Indianapolis — Colorado manufacturers are gearing up to do much more than advise and criticize the school systems they so desperately depend on for a skilled workforce.
They're getting ready to turn their companies into extensions of the classroom in ways not really seen in the United States. Businesses are collaborating with schools to offer apprenticeship programs where 70 percent of high school students will spend three days a week in the workplace and just two days in the classroom.
And, injection molder Noel Ginsburg, CEO of Intertech Plastics Inc. in Denver, is leading the charge to try to improve outcomes for both students and business. It's all based on what he has seen in Switzerland, which has topped the Global Innovation Index for the last two years.
“Students participate in a parallel learning system — the theory in the classroom and the practice in industry through paid, work-based training,” Ginsburg told a sold-out crowd at the 2015 Benchmarking and Best Practices Conference put on by the Manufacturers Association of Plastics Processors in Indianapolis Oct. 22-23.
“You might look at that and say that's impossible,” he added. “It's one of those ambitious goals that probably can't happen but we'll put it on paper anyway.

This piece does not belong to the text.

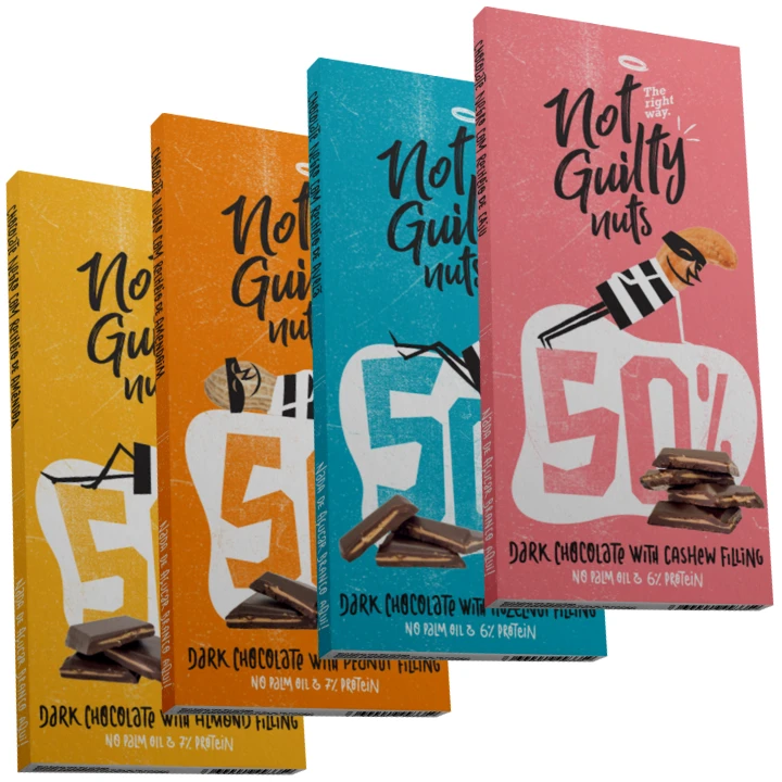 Not Guilty („Bez viny“) je čokoládová řada vytvořená s myšlenkou nabídnout skutečnou chuť čokolády – bez zbytečností. Produkty neobsahují přidaný cukr, palmový olej ani vanilku, aby vynikla čistá, autentická chuť kakaa. Zachovávají plnou chuť s nižším glykemickým dopadem.

I would have believed that until [this summer] when I spent 12 days in Switzerland.
Ginsburg was part of an entourage of educators, economic developers and trade association members that traveled to the European nation to see how businesses lead the effort to develop future talent through vocational education training (VET). Businesses start preparing students for highly skilled, high-demand jobs starting at age 15 or 16.
“The provider of education is primarily companies and industries, not schools, because we know what we need for our factories and businesses to run well,” Ginsburg said. “They leave it up to schools to teach reading, writing, arithmetic and core skills and they leave the rest up to industry. And it works.”
About 75 percent of Swiss students go for an apprenticeship certification while 25 percent pursue a four-year college degree. Most enterprises making up the Swiss economy — banking, financing, management, information technology, health care and manufacturing — offer VET.
“They realized that because they're a small country if they were to be successful they had to have the best workforce,” Ginsburg said. “We can all buy the best equipment but it's who drives that equipment that really makes the difference.”
The Swiss banking industry recently invested $20 million into its training system to make sure its talent pipeline is full, Ginsburg said. Regardless of the industry, apprentices earn about $800 a month, he added, as they spend most of the week in the field learning to do jobs that generally start at $55,000.
“Every year companies post the jobs they think they will need apprentices for the next two to four years,” Ginsburg said. “If there are no jobs being created, there are no apprenticeships being created. So you can't study an apprenticeship where there isn't going to be opportunities for you. It's a very market-driven system and a very powerful system.”
While on a VET tour, Ginsburg said he asked a young apprentice why he chose the program.
“He said — almost all of them speak English — when I was in class and they were telling me about tolerances and dimensions, I didn't care. But when I'm making this component for this machine, if it isn't within one-hundredth of a thousandth, it won't work. So they are connecting the theory with the practice,” Ginsburg said.
In a lot of cases, apprentices stay with the company where they earned while they learned. They start out making a middle-class wage and the employer ends up with a consistently productive workforce. It's a proven solution for businesses to recruit, train and retain highly skilled workers, Ginsburg said.
“It's highly profitable because can you imagine having someone come into your business who actually knew what they were doing before they graduated,” he asked plastics processors.
Because of the apprenticeship programs, the unemployment rate for Swiss youth ages 15-24 is 3.7 percent compared to 16.3 percent for Americans ages 16-19, according to the latest figures released respectively by the State Secretariat for Economic Affairs in Switzerland and the U.S. Bureau of Labor Statistics.